-- Input data follows --
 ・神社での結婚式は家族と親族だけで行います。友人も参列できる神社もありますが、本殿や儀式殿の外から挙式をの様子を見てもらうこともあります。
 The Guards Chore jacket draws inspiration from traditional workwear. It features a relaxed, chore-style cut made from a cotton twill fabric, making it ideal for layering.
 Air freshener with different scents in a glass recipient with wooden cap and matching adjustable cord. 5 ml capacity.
-- Input data concluded --
-- Input data follows --
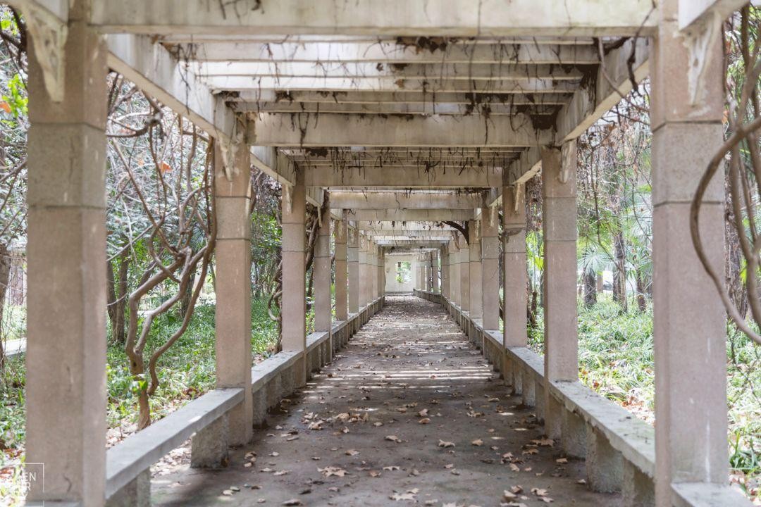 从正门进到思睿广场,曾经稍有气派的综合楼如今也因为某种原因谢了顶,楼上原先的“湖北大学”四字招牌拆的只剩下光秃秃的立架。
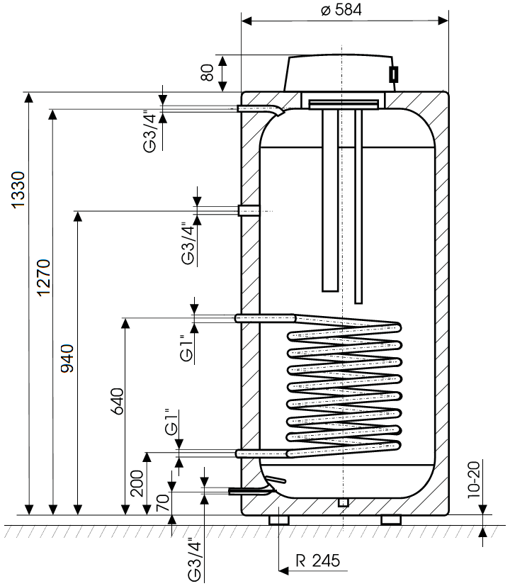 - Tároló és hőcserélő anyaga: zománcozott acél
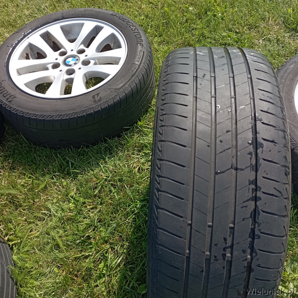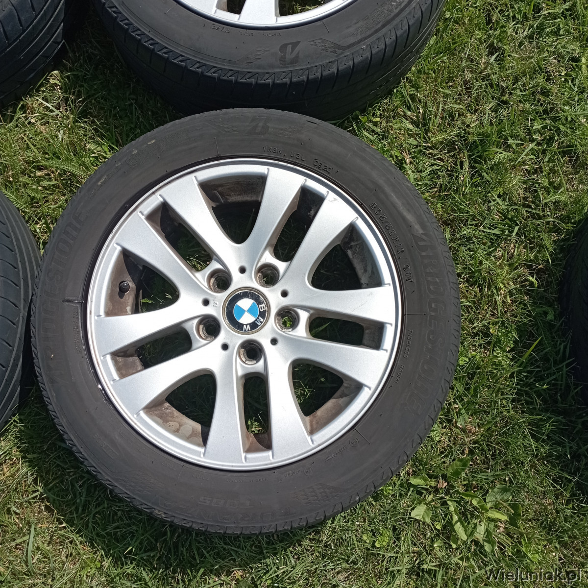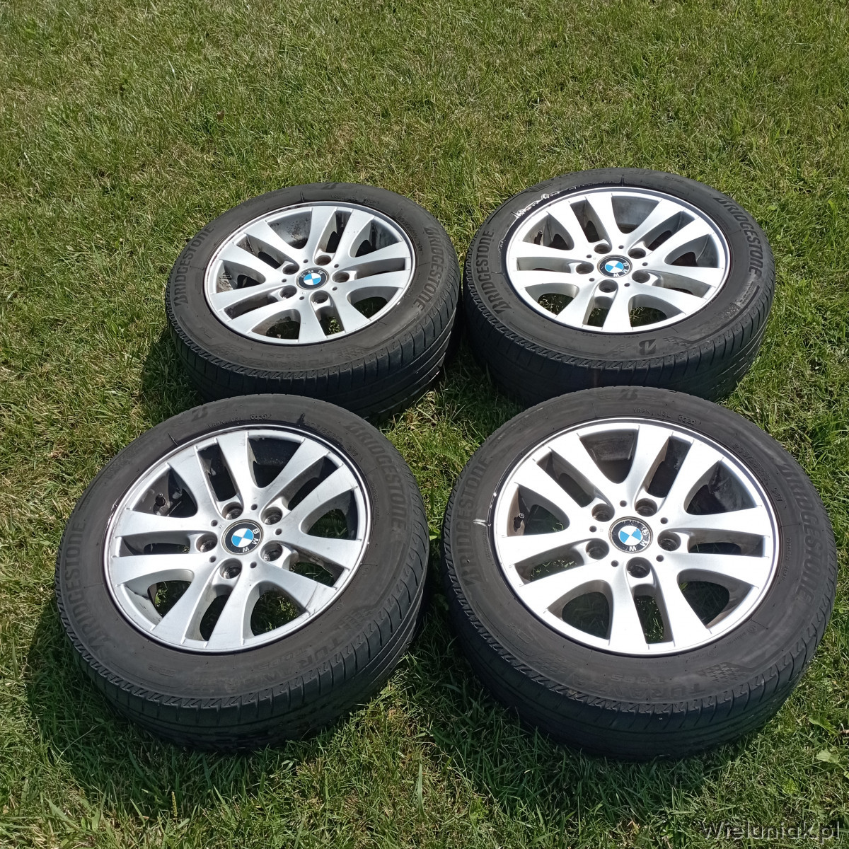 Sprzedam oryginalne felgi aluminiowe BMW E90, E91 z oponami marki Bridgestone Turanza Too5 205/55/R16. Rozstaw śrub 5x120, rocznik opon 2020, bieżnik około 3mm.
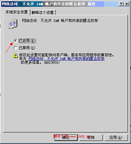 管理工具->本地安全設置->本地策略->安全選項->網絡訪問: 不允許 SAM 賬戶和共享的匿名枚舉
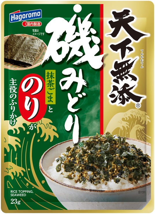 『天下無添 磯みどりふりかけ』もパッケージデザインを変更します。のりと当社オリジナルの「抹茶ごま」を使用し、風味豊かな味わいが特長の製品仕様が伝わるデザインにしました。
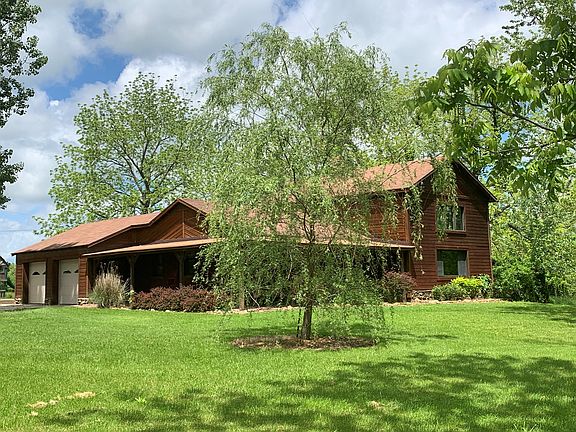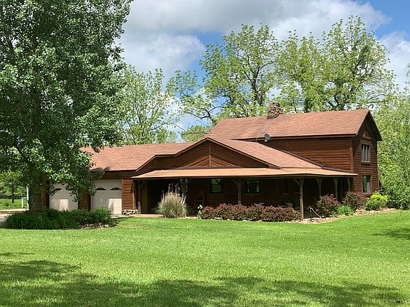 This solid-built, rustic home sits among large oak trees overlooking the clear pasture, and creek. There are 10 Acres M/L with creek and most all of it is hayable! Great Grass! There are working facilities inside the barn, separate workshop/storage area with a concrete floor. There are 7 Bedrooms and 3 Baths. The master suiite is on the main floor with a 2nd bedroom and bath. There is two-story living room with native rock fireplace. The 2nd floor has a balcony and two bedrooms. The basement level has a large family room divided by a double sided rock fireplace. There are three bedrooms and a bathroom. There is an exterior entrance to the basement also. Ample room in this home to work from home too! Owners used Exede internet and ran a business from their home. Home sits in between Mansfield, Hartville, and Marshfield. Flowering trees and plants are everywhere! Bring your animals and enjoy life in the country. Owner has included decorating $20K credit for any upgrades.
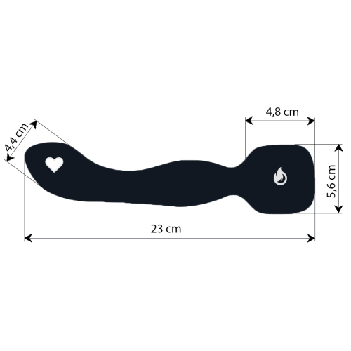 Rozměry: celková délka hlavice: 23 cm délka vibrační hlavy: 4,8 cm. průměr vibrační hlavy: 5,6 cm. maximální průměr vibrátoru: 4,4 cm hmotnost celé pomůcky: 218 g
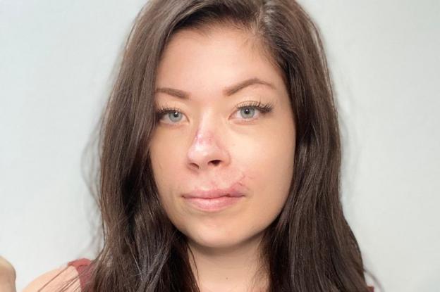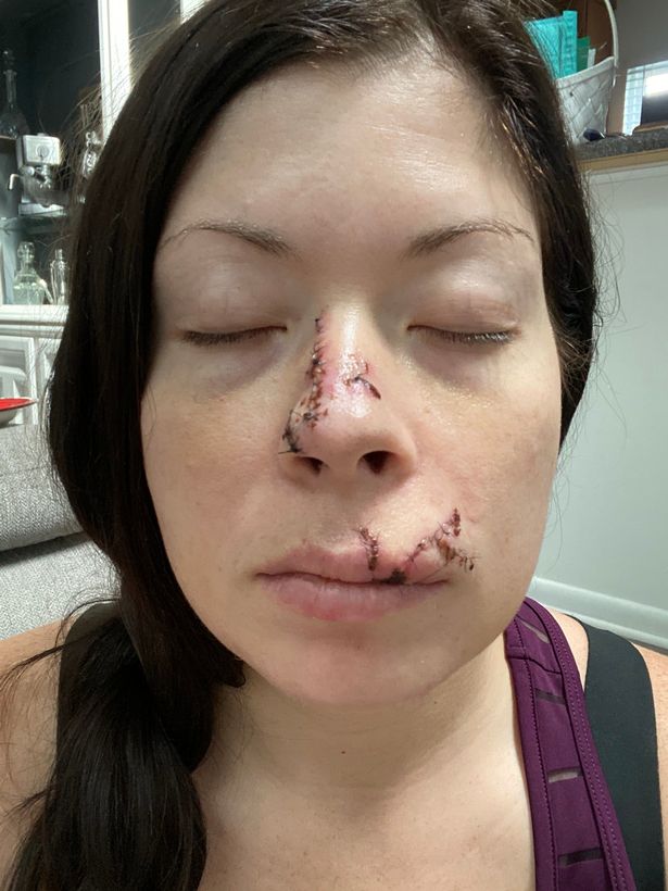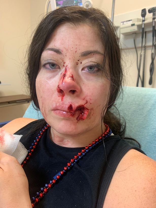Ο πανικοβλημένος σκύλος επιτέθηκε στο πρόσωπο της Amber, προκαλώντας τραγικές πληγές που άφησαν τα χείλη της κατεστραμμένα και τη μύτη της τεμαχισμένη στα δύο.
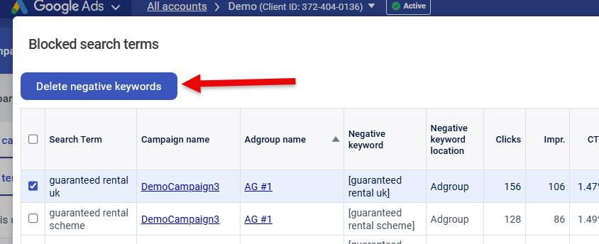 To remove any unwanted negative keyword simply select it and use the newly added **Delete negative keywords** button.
-- Input data concluded --
Now transcribe the lines above exactly, starting at the line containing "从正门进到思睿广场,曾经稍有" and ending at the line containing "Ο πανικοβλημένος σκύλος", both lines included, pictures excluded.

 从正门进到思睿广场,曾经稍有气派的综合楼如今也因为某种原因谢了顶,楼上原先的“湖北大学”四字招牌拆的只剩下光秃秃的立架。
 - Tároló és hőcserélő anyaga: zománcozott acél
 Sprzedam oryginalne felgi aluminiowe BMW E90, E91 z oponami marki Bridgestone Turanza Too5 205/55/R16. Rozstaw śrub 5x120, rocznik opon 2020, bieżnik około 3mm.
 管理工具->本地安全設置->本地策略->安全選項->網絡訪問: 不允許 SAM 賬戶和共享的匿名枚舉
 『天下無添 磯みどりふりかけ』もパッケージデザインを変更します。のりと当社オリジナルの「抹茶ごま」を使用し、風味豊かな味わいが特長の製品仕様が伝わるデザインにしました。
 This solid-built, rustic home sits among large oak trees overlooking the clear pasture, and creek. There are 10 Acres M/L with creek and most all of it is hayable! Great Grass! There are working facilities inside the barn, separate workshop/storage area with a concrete floor. There are 7 Bedrooms and 3 Baths. The master suiite is on the main floor with a 2nd bedroom and bath. There is two-story living room with native rock fireplace. The 2nd floor has a balcony and two bedrooms. The basement level has a large family room divided by a double sided rock fireplace. There are three bedrooms and a bathroom. There is an exterior entrance to the basement also. Ample room in this home to work from home too! Owners used Exede internet and ran a business from their home. Home sits in between Mansfield, Hartville, and Marshfield. Flowering trees and plants are everywhere! Bring your animals and enjoy life in the country. Owner has included decorating $20K credit for any upgrades.
 Rozměry: celková délka hlavice: 23 cm délka vibrační hlavy: 4,8 cm. průměr vibrační hlavy: 5,6 cm. maximální průměr vibrátoru: 4,4 cm hmotnost celé pomůcky: 218 g
Ο πανικοβλημένος σκύλος επιτέθηκε στο πρόσωπο της Amber, προκαλώντας τραγικές πληγές που άφησαν τα χείλη της κατεστραμμένα και τη μύτη της τεμαχισμένη στα δύο.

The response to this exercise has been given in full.